Nalia took a breath, lost in the uncertainty of this new sensation. Was it wrong, to touch?
Oh, Mother, if you could see me now.
The sensation of Raif’s skin was so different from Malek’s—where her master’s scorched, Raif’s tingled, like fine grains of sand shifting under a breeze. Nalia wondered what he picked up in her chiaan. It’d been so long since she’d truly been herself; maybe all he could feel was her desperation to be free.

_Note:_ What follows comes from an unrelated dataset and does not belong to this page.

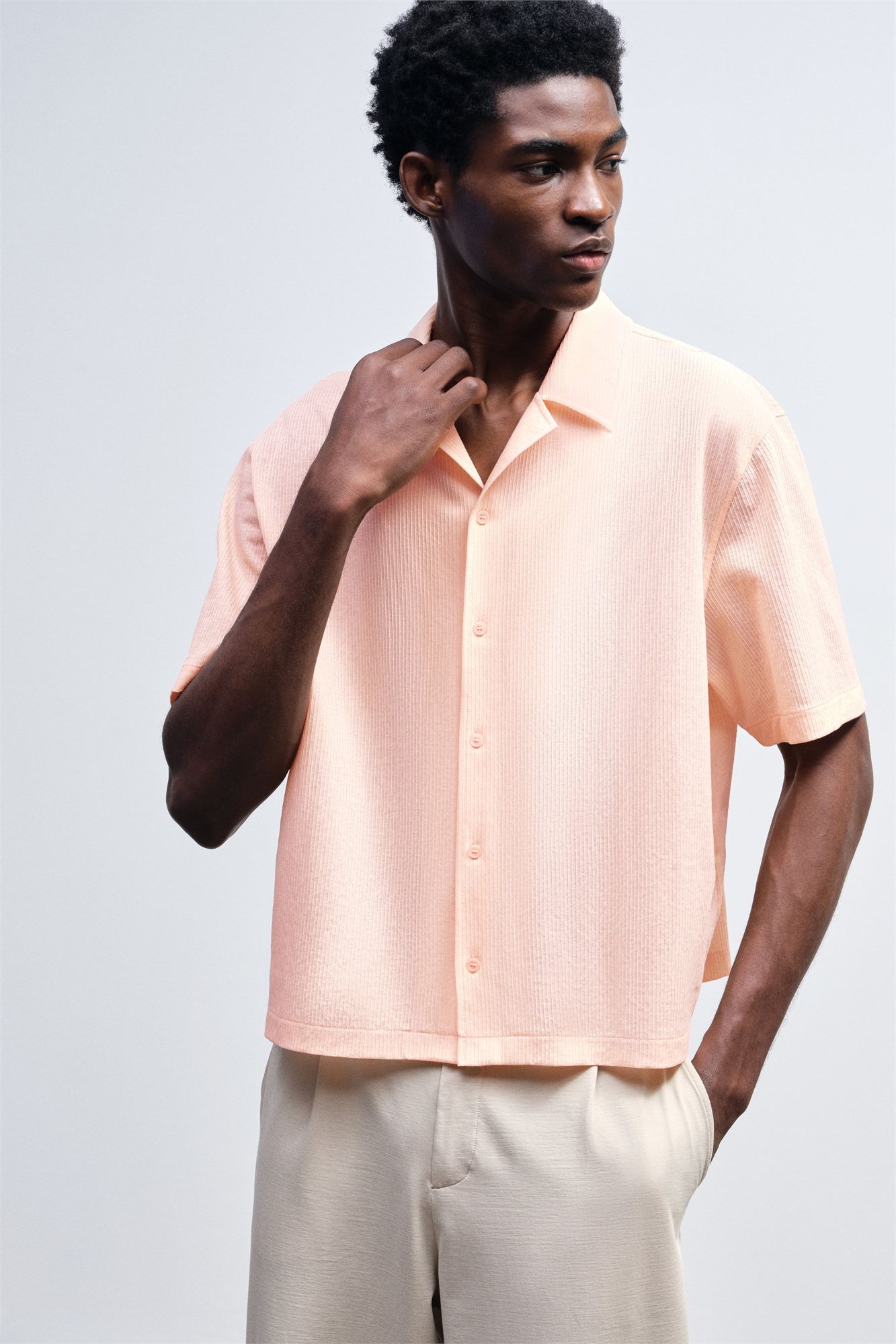 Обрезанная рубашка из ребристого джерси с курортным воротником, французским передом, короткими рукавами и прямым покроем. Свободный крой для пышного, но не слишком большого силуэта.

The tabla’s percussive beats grew slower and the Shaitan singer’s sultry voice rose and fell like soft waves on a midnight shore. Hypnotic. Raif slowly raised their hands toward the heavens, his gaze never once leaving her face. His eyes shone in the soft, dim light.
“See, our dances aren’t so bad,” he said.
Somehow, their lips were inches apart—how did that happen? He smelled like a summer afternoon: fresh grass and sun-warmed skin.
“That’s a matter of perspective,” she said, taking a step back.
Raif gave her a wicked grin and spun her around, so that her back was against his chest, his fingers on her hips.
This was nothing like the court dances at the palace. Nalia swallowed, trying to copy the fluid movements of the jinn around her. Raif’s fingers gently pushed against her to indicate which way her hips were supposed to sway. Nalia had no choice but to put her hands over his own. It was a strange sensation, having someone else’s magic seep into her skin.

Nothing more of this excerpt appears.